Southern states see record-setting COVID-19 activity

The southern United States is entering the fifth week of its fourth COVID-19 surge, this one fueled by the highly transmissible Delta (B1617.2) variant, which is spreading quickly through America's unvaccinated citizens.

On Friday, the Centers for Disease Control and Prevention (CDC) tracked 23,903 new coronavirus cases in Florida, the state's highest single-day total since the start of the pandemic, according to NPR. On Sunday, approximately one in four hospital beds in the state had a COVID-19 patient in it.

According to a tracker maintained by the Washington Post, the 7-day average of new cases in Florida is up 22%. Only Mississippi and Alabama have higher jumps in daily averages, with 41% and 35%, respectively. Arkansas has seen its daily case counts jump by 21%. 

The United States reported 24,234 new COVID-19 cases and 111 deaths yesterday, according to the Johns Hopkins COVID-19 tracker. Overall, 7-day averages in the United States are up 42%.

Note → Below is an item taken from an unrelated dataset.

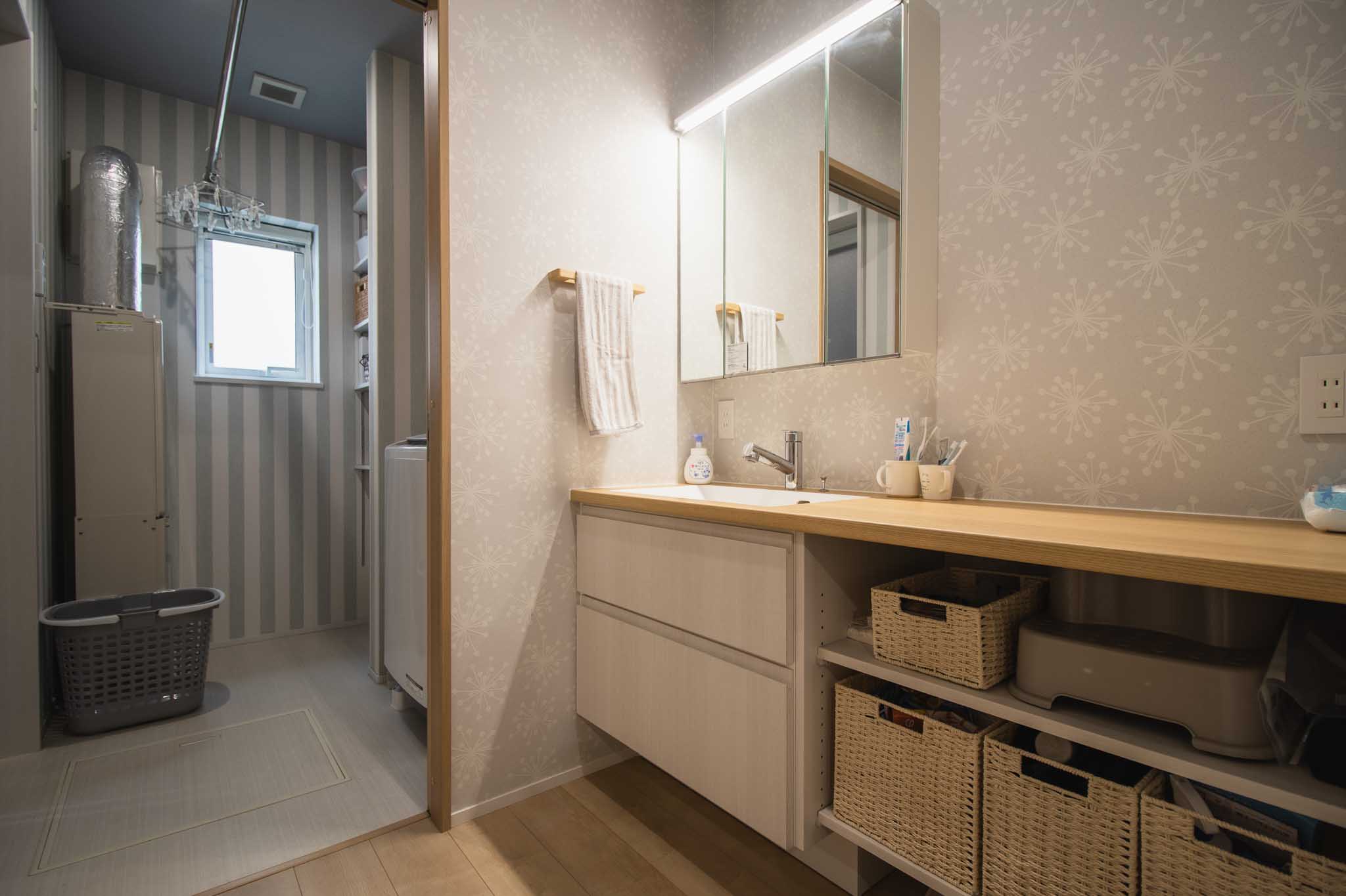 パウダールーム:1.5mのワイドカウンター付きの独立した洗面化粧室。作業スペースが広く、家族全員が快適に使えます。

Austin area hospitals strained

On Saturday, Austin, Texas, city officials sent out a message via text and email to residents, warning, "The Covid-19 situation in Austin is dire. Healthcare facilities are open but resources are limited due to a surge in cases."

According to the New York Times, the city on Friday had COVID-19 patients in more than 180 intensive care unit beds, with 102 of those patients on ventilators.

Late last month, Texas Gov. Greg Abbott banned mask or vaccine mandates. Administrators from Austin-area hospitals said most patients are unvaccinated.

Tennessee is also reporting hospital strain, as officials in that state warned all pediatric hospitals would be full by the end of the week with young COVID-19 patients. Children 10 and under now account for 10% of Tennessee’s new COVID-19 cases, according to USA Today.

Over the weekend,  a spokesperson for the American Hospital Association told CNN that nearly 1,500 US hospitals, roughly a quarter of all hospitals in the country, now require staffers to get a COVID-19 vaccine. 

AAP asks for vaccine use in children

Pediatric patients seem more prevalent now that a significant number of US adults are vaccinated, and the American Academy of Pediatrics (AAP) has sent a letter to the Food and Drug Administration (FDA) asking them to authorize COVID-19 vaccines for kids younger than 12 as soon as possible.

"Simply stated, the Delta variant has created a new and pressing risk to children and adolescents across this country, as it has also done for unvaccinated adults," the letter reads. "The FDA should strongly consider authorizing these vaccines for children ages 5-11 years based on data from the initial enrolled cohort, which are already available, while continuing to follow safety data from the expanded cohort in the post-market setting."

Last month the FDA asked both Pfizer and Moderna to double the sizes of their clinical trials in children to gather more safety data on the vaccines in this age group.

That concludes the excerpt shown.